I am the Walrus

It’s about as cold as it should be, for a December, the air is type of crisp that invites you to snap off a wafer of afternoon to keep and savour later. Exposed chimneys scar the sides of buildings and ascend past mansard roofs and fired clay flues which casually puff smoke like a man who doesn’t really want a cigarette but lights one anyway. I take a left onto Dunkerque, an angular street marching towards the heart of Montmartre. Gare du Nord is probably the filthiest part of the city. Men with confused hair do laps of the blocks asking people for cigarettes and coins. Mobile phone shops stay open suspiciously late. The streets are flooded and swept every morning so the accumulated sin and shit ends up kilometers away. But even here it’s intimidatingly beautiful — even a sad looking dog shit sandwiched and smushed in two by a pram reflects a rainbow.
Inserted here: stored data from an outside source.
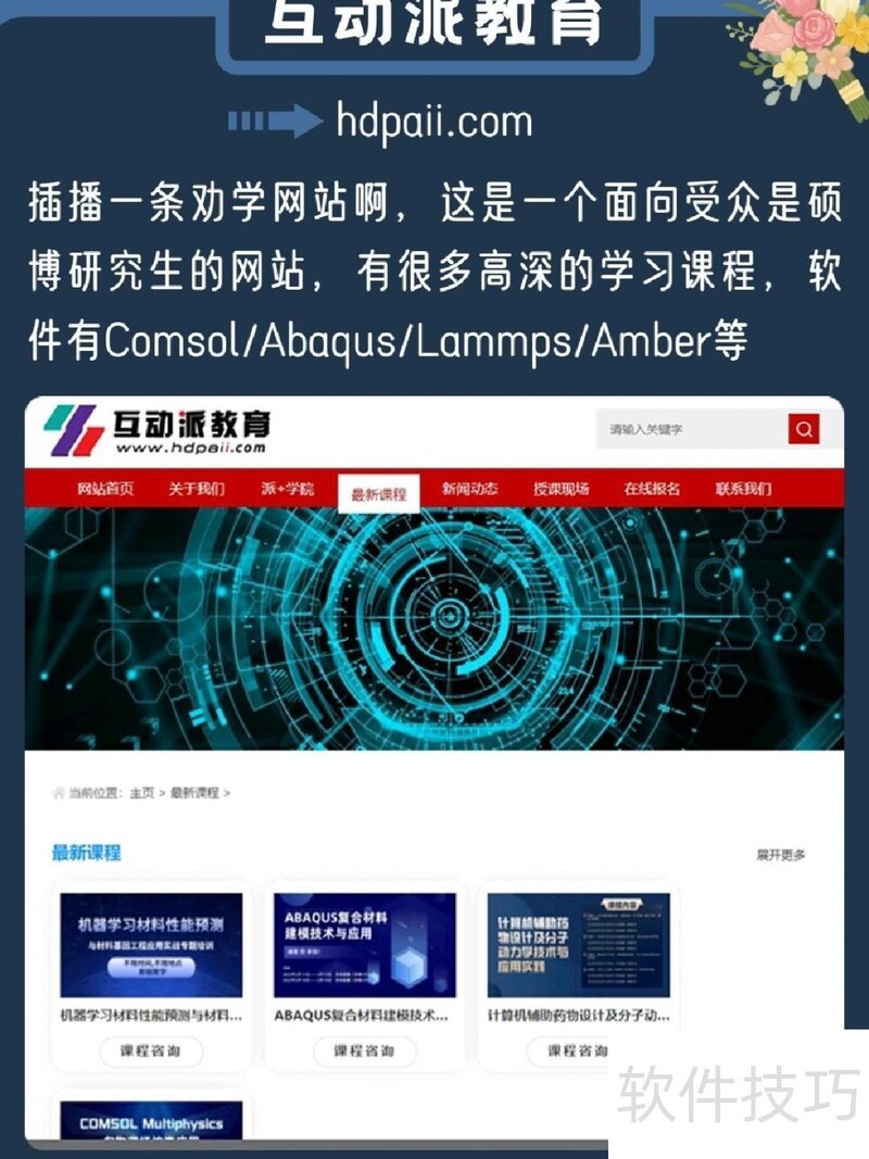 hd pai icom插播推荐一个专为硕博研究生打造的劝学网站,提供Comsol、Abaqus、Lammps、Amber等高端软件的深度学习课程,内容专业丰富,助力科研进阶。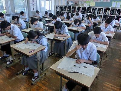 6月25日、26日の2日間で1学期期末テストを実施しました。実施教科は、全学年、国語、社会、数学、理科、英語、保体の6教科です。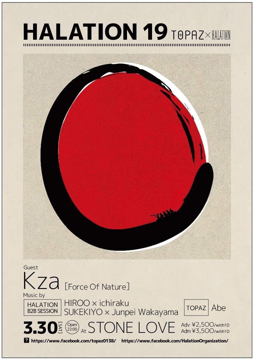 2019.03 30 MAR HALATION19 HOUSE DEEP HOUSE TECH HOUSE DISCO CROSSOVER 0 Shares Facebook Twitter google Line DATE: 2019-03-30 SAT OPEN: 22:00 VENUE: PRICE: ADV: ¥2500 DOOR: ¥3500 (1ドリンク付) LINE UP: KZA, HIROO, ichiraku, SUKEKIYO, Junpei Wakayama, Abe 函館StoneLoveで毎月開催されるパーティー【Topaz】と、毎回多彩なゲストを招きながら市内各地をホットスポットに変え続けるパーティー集団【HALATION】がタッグを組んでのHALATION19! Guestには今や日本を代表するダンスDJユニットとして世界を股にかけて活躍する【Force Of Nature】よりKzaが函館初登場です! 主催側も何が起こるか予測しきれないケミストリーな一晩を是非ご堪能しにいらしてください!

Walrus is a big rectangle house of grog, music and laughter. A tall journalist interviews two bright eyed American cubs hiding behind their hair. A man in a piebald coat and a woman with a foreign hairstyle wax lyrical in Spanish. The way they speak, the way their sentences caper into each other and how they laugh (there’s always a laugh), the whole scene serves as a shining example to friends around the world. A youth flicks through a wall of records wanting everything but looking for nothing. I take a seat at one of my regular positions, a table with a short leg which needs a folded coaster to stay level. It’s funny how if you go to a place regularly enough, being creatures of habit and all, you’ll only end up sitting in like maximum two places. These spots are usually decided on the first and second visit.